Tax relief on essential commodities and services, and maternal and medical benefits are some of the expectations of women from Finance Minister Arun Jaitley, who is set to unveil the budget for fiscal 2017-18 on February 1.
Women, both those working at home and outside, say it is becoming increasingly difficult for middle class families to manage house finances with limited resources and growing inflation, even if prices of daily essentials have come down in recent weeks after months of spike.
Many women also expect the Finance Minister to announce some women-oriented schemes like relaxation in tax slabs and higher returns on fixed deposits specifically for women.
Krishna Gandhi, a homemaker from Lajpat Nagar in Delhi, said she hoped that the prices of pulses and vegetables would be reduced.
“After demonetisation, it has become very difficult to survive. The ever-increasing rate of electricity and water bills make it a task to maintain my monthly budget,” Gandhi told IANS.
Prem Jhakhar, another Delhi resident, said with inflation skyrocketing, the government needed to do something about the prices of essential goods.

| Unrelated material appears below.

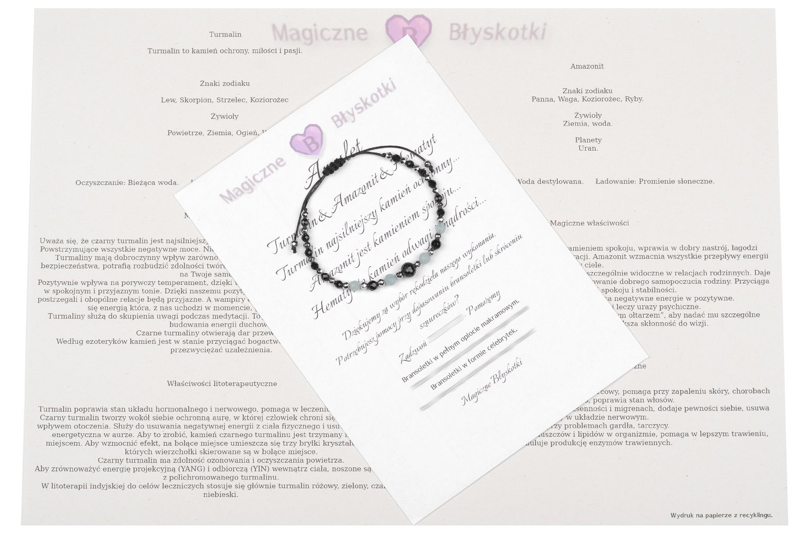 W komplecie otrzymujesz: bransoletkę, opis kamieni i kopertę jako opakowanie, co czyni ten zestaw unikalnym upominkiem.

“Apart from that, there is need to regulate the rising costs of education as well. The government should make education more affordable in private schools while simultaneously working on improving the quality of education in government schools in the long-term,” she said.
Swati Mantri, a research scholar from Noida, said more than the larger budget announcements, she was more concerned that her family needs would be fulfilled “within her budget”.
“Vegetables, grocery, LPG should not get expensive. These mostly affect people with limited incomes. There should be relief for people on scholarships and smaller salaries,” she said.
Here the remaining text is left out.